TRY IT
For the data below, retype word for word the lines from the one containing "Eccoci arrivati alla" through the one containing "- da 1 a 50"; drop the pictures.

DATA TO USE

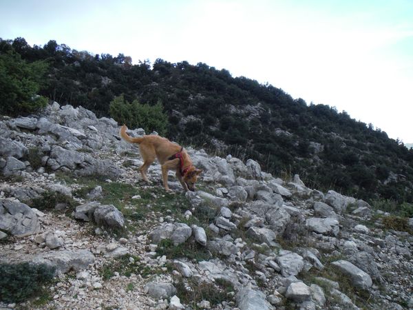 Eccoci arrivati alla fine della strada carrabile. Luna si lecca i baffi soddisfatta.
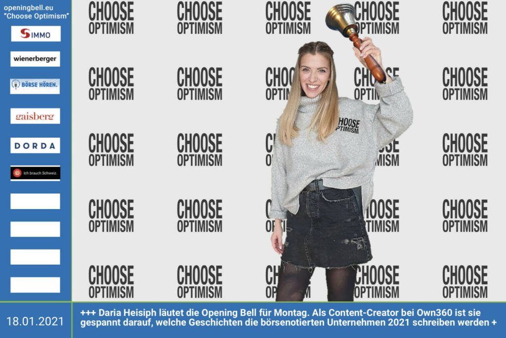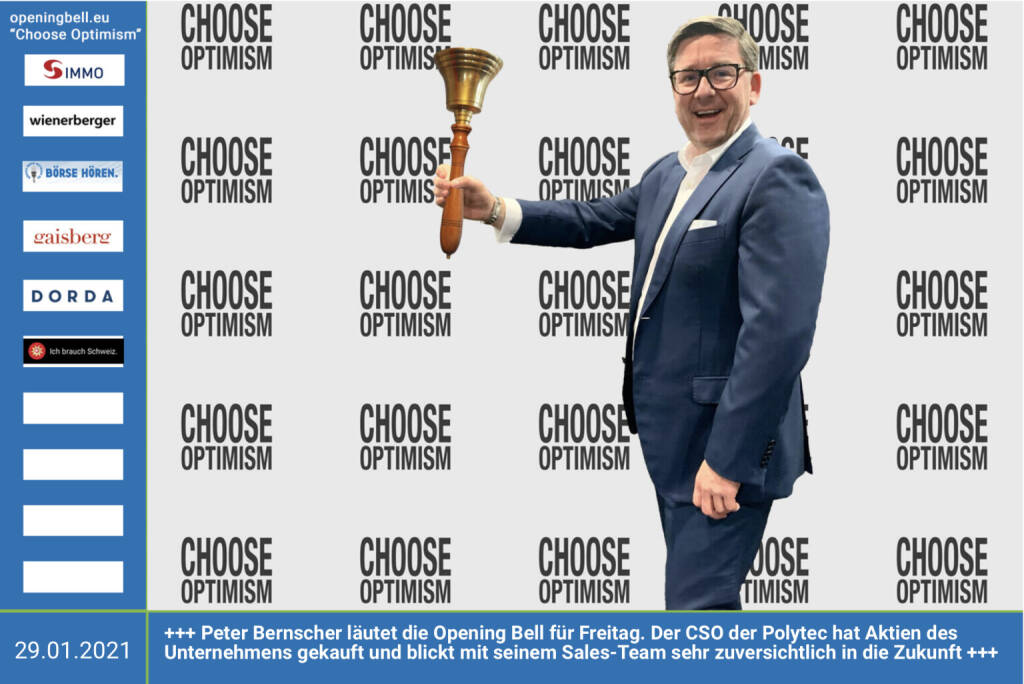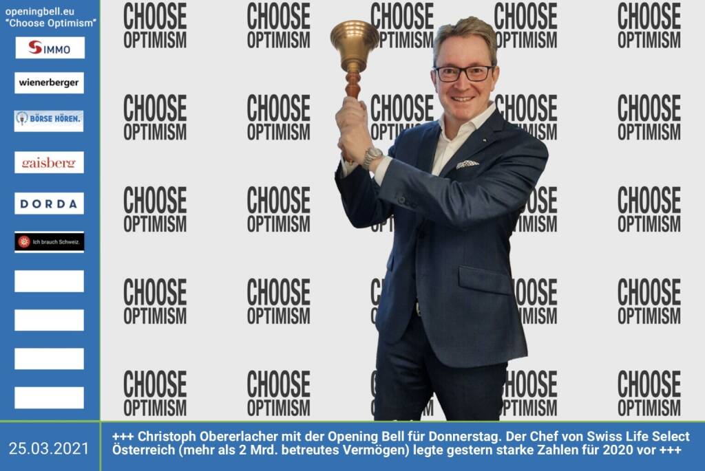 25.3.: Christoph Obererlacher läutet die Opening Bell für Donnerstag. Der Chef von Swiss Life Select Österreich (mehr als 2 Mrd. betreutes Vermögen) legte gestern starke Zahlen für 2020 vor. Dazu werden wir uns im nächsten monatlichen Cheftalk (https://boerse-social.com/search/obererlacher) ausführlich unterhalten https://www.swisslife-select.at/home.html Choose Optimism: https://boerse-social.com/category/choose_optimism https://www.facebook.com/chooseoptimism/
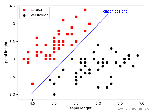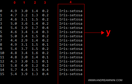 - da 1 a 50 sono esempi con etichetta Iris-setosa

---

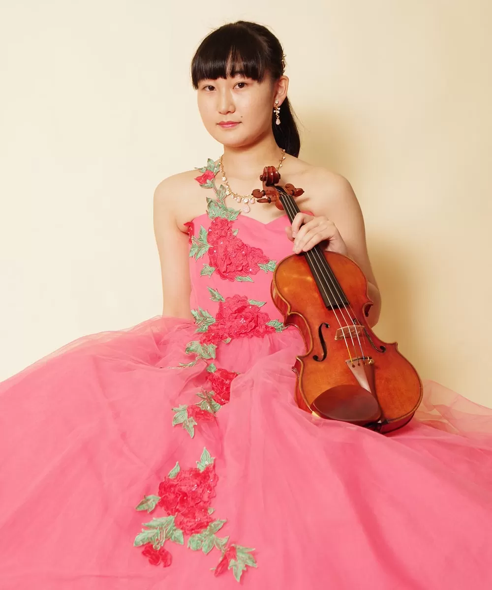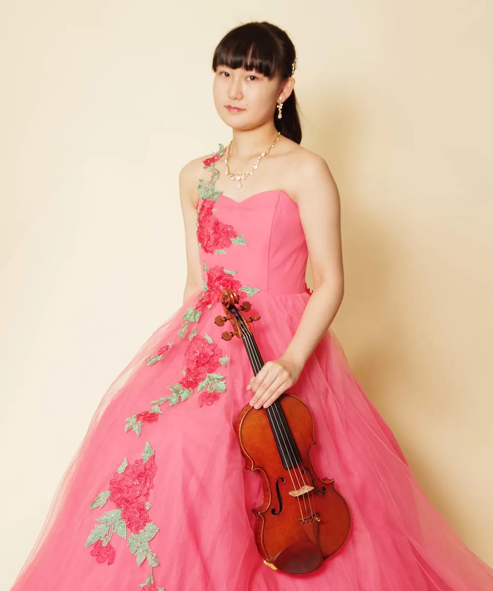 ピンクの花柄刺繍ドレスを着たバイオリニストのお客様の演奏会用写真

ANSWER BELOW
 Eccoci arrivati alla fine della strada carrabile. Luna si lecca i baffi soddisfatta.
 25.3.: Christoph Obererlacher läutet die Opening Bell für Donnerstag. Der Chef von Swiss Life Select Österreich (mehr als 2 Mrd. betreutes Vermögen) legte gestern starke Zahlen für 2020 vor. Dazu werden wir uns im nächsten monatlichen Cheftalk (https://boerse-social.com/search/obererlacher) ausführlich unterhalten https://www.swisslife-select.at/home.html Choose Optimism: https://boerse-social.com/category/choose_optimism https://www.facebook.com/chooseoptimism/
 - da 1 a 50 sono esempi con etichetta Iris-setosa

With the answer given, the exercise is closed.